## Your assignment:
In the entries below, find the line with "Nonstick Nanoceramic Griddle" and the line with "The Utah Giant", then retype both and everything between them exactly. Do not copy the pictures.

## Records shown:
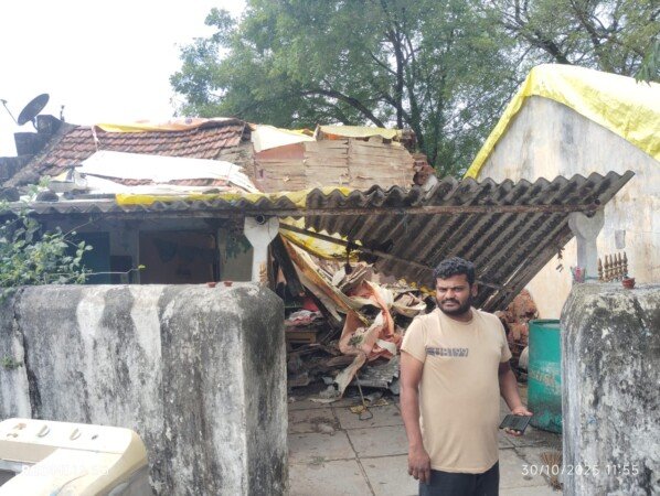 నెక్కొండ మండలంలోని సాయిరెడ్డి పల్లి గ్రామనికి చెందిన పొదిల జయప్రకాశ్, మౌనికలు నివసిస్తున్న పెంకటిల్లు మొంథా తుఫాన్ ప్రభావంతో ఇంటి చుట్టూ నీరు చేరి గోడలు వర్షానికి నాని అర్థ రాత్రి ఇల్లు కూలడం జరిగింది. వారు నిద్రిస్తున్న సమయంలో పెద్దగా శబ్దం రావడంతో హడావిడిగా బయటికి వచ్చి చూడగా గోడ కూలడం జరిగింది. ఈ విషయాన్ని గమనించి భయభ్రాంతులకు గురై నిద్రిస్తున్న తమ ఇద్దరి పిల్లలను తీసుకొని హడావిడిగా బయటికి రావడం జరిగింది. జయప్రకాష్ మాట్లాడుతూ.. ఆ సమయంలో నాకు నిద్ర నుండి మేలుకువ రాకపోతే ఈ పాటికి మా కుటుంబం మొత్తం జీవించి ఉండకపోయేది. కనుక ఈ విషయాన్ని అధికారులు, ప్రభుత్వం గుర్తించి ప్రస్తుతం ఉండడానికి నివాసాన్ని ఏర్పాటు చేసి, ఆర్థికంగా సహాయం చేసి మా కుటుంబాన్ని ఆదుకోవల్సిందిగా కోరుచున్నాము. అని తెలపడం జరిగింది. ఈ బాధాకర ఘటనకు గ్రామస్తులు కూడా చింతించడం జరిగింది.
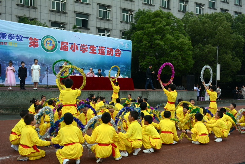 五年级226班同学组成花环队。他们手举花环,五彩缤纷,朝气蓬勃,昂扬向上。在主席台前,他们暂停下来,面向学校领导,摆出五环造型,高喊口号“正源正源,勇往直前;敢打敢拼,敢为人先!”这是青春的音符,恣意地在竞技场上跳动;这是青春的画笔,潇洒地画出胜利的徽章。
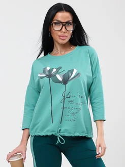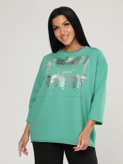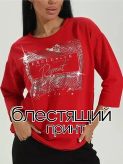 Кофта оверсайз большие размеры с принтом трикотажная теплая
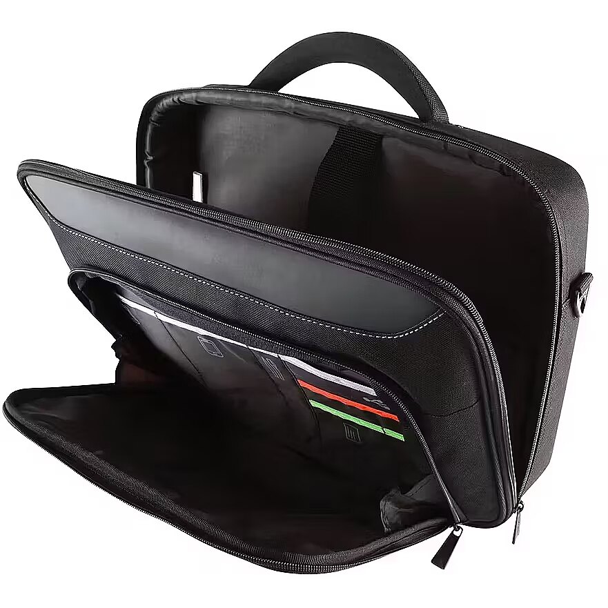 Technical details > Other features - * Designed to protect up to 14.1” W laptops with additional internal sleeve * Durable Polyester material with re-enforced rigid case* Multi-functional front zipped workstation for mobile phones, cables, earphones, business cards, and pens* Re-enforced adjustable padded handle for extra comfort * Velcro laptop security strap
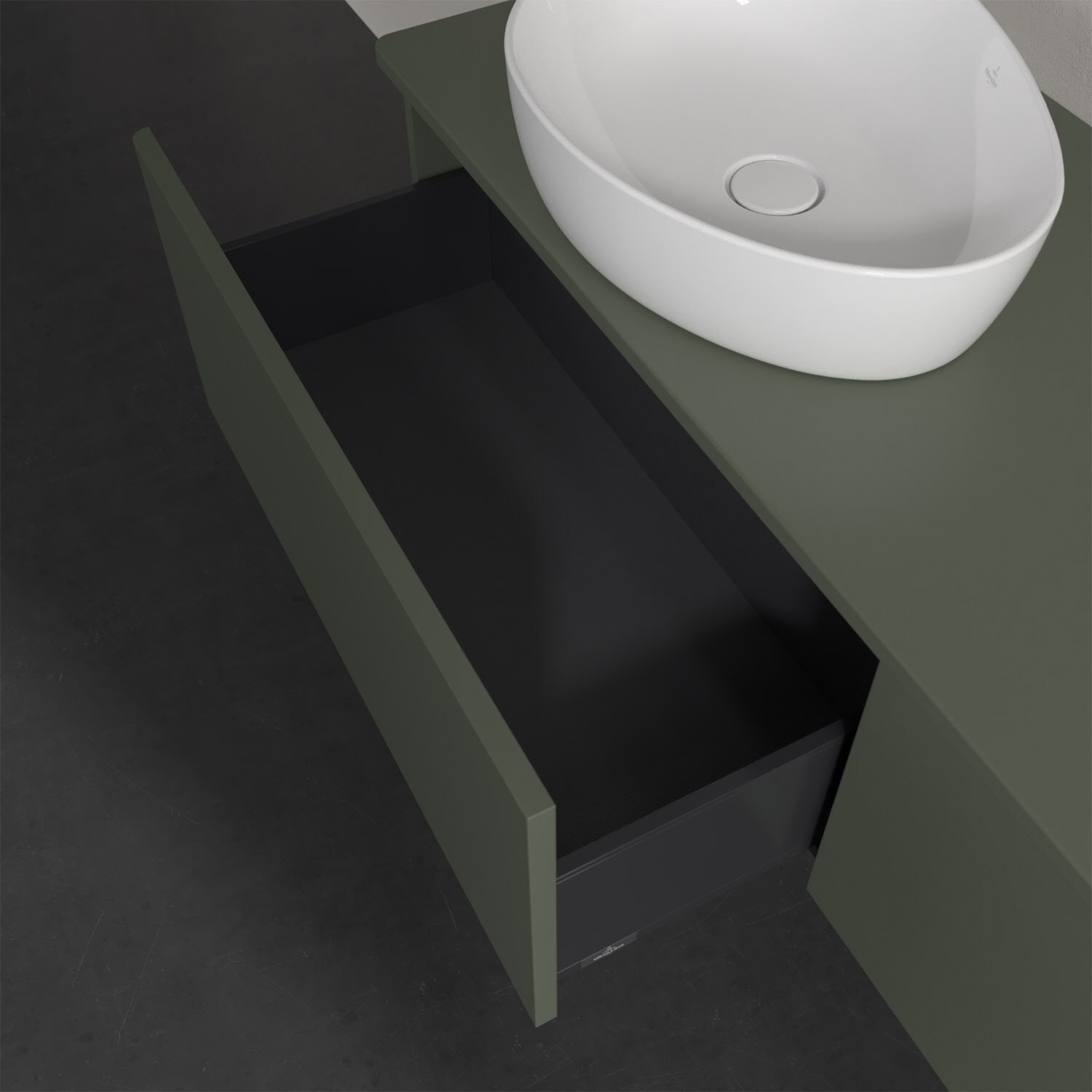 Villeroy & Boch Antao Waschbeckenunterschrank, 160 x 36 cm, 2 Auszüge, Front ohne Struktur, ohne Hahnloch, für Waschtisch links
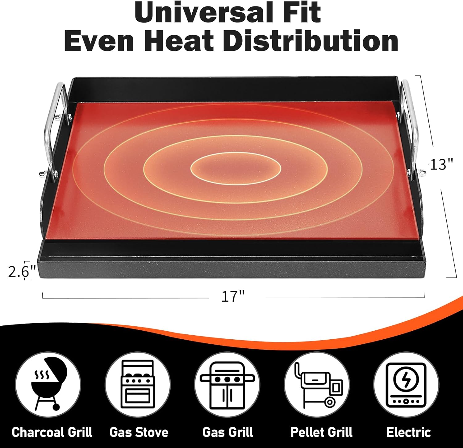Nonstick Nanoceramic Griddle Plate, Pre-Seasoned Heavy-Duty Flat Top Insert, Universal Outdoor Cooking Griddle for Gas Grill/Charcoal/Gas Stove, Camping, Tailgating, Parties & Backyard BBQ, 17″x13″
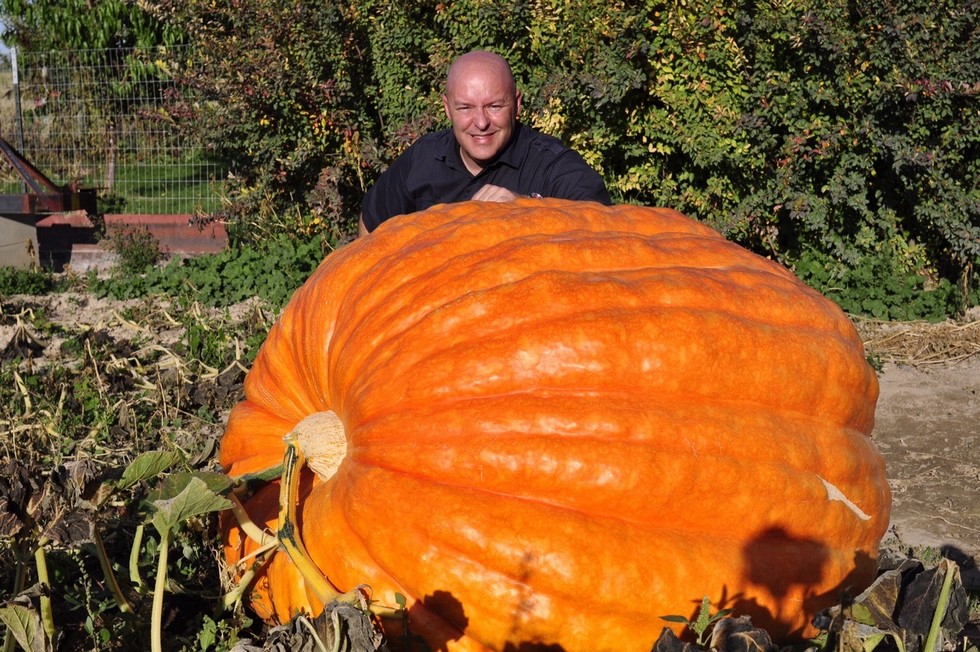 The Utah Giant Pumpkin Growers weighoff HD winner: 849 Cliff Warren. Grown from 500.5 Warren 2013 (608 Olilla X 1432 Northrup), 15% Light.
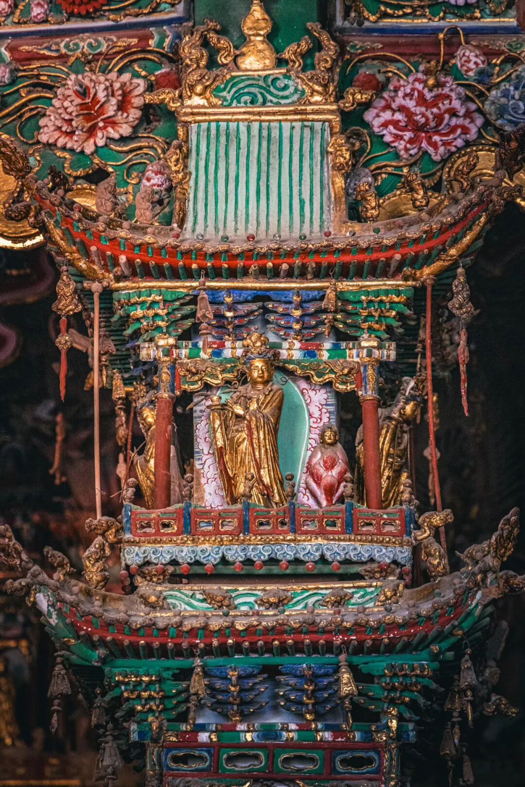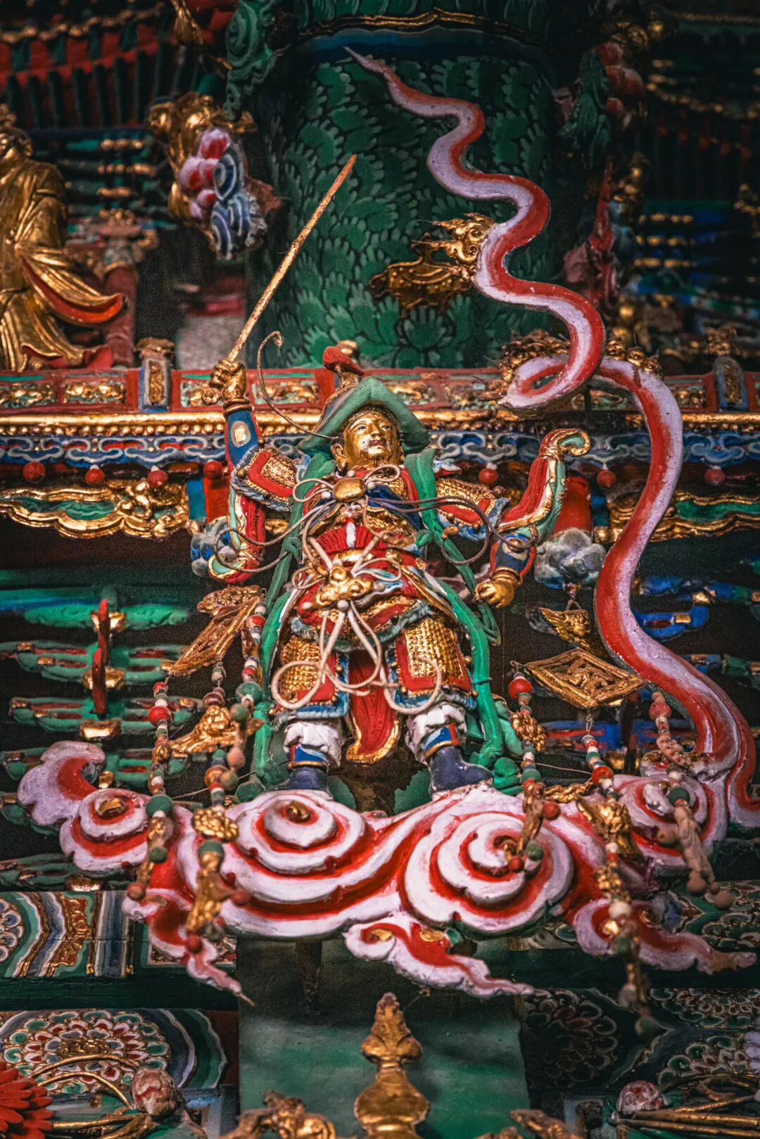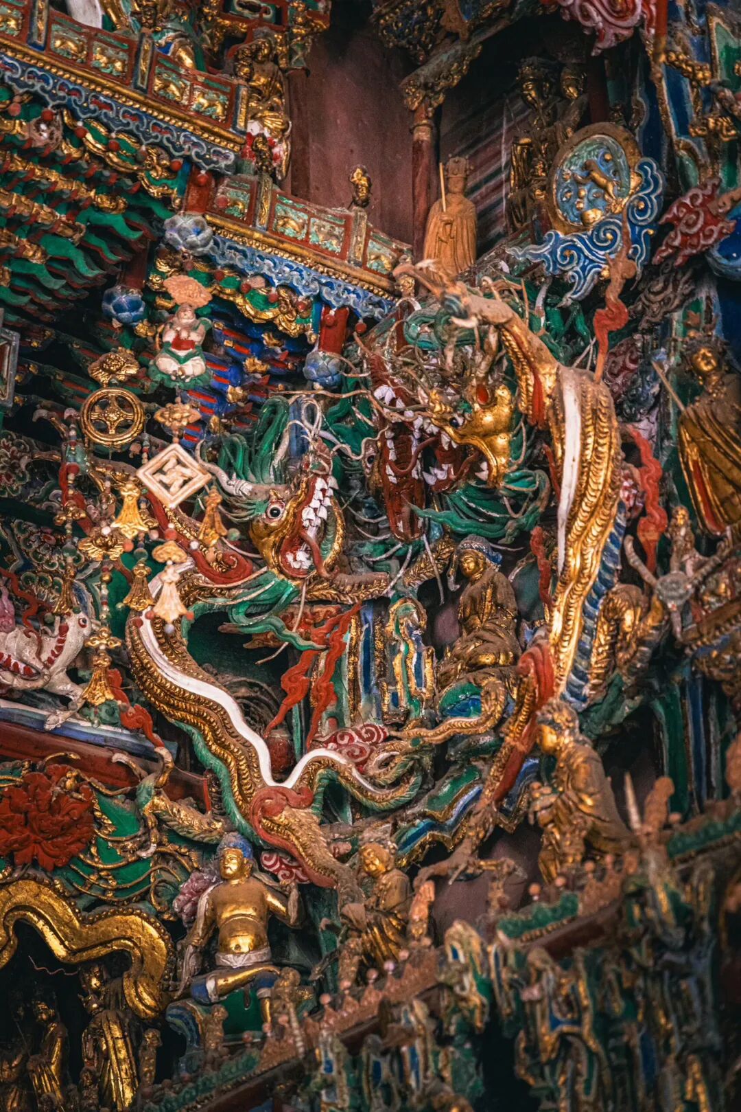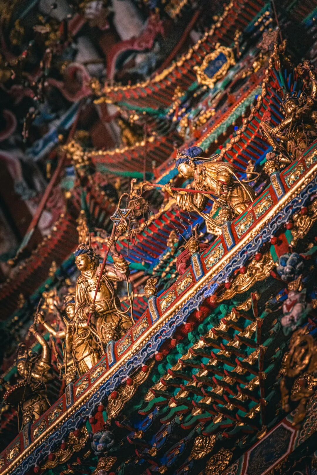 抬头望去的第一秒,视线就被殿顶的“天宫楼阁”钉住了。没有一寸留白的梁枋上,近两千尊彩塑密密麻麻地挤在一起,却丝毫不显杂乱,反倒像一场精心编排的神佛盛会。最显眼的是正中的诸佛,身披繁复的袈裟,衣褶层层叠叠如流水般垂落,每一道纹路都刻得清晰利落,连袈裟边缘的缠枝莲纹都细致到能看清花瓣的脉络。佛像的面容温润,眉眼间带着慈悲的笑意,头顶的宝冠缀着细碎的金箔,在微光里闪着柔和的光,让人忍不住想踮起脚尖,看看那宝冠里是不是真的藏着传说中的摩尼宝珠。

## Your solution:
Nonstick Nanoceramic Griddle Plate, Pre-Seasoned Heavy-Duty Flat Top Insert, Universal Outdoor Cooking Griddle for Gas Grill/Charcoal/Gas Stove, Camping, Tailgating, Parties & Backyard BBQ, 17″x13″
 The Utah Giant Pumpkin Growers weighoff HD winner: 849 Cliff Warren. Grown from 500.5 Warren 2013 (608 Olilla X 1432 Northrup), 15% Light.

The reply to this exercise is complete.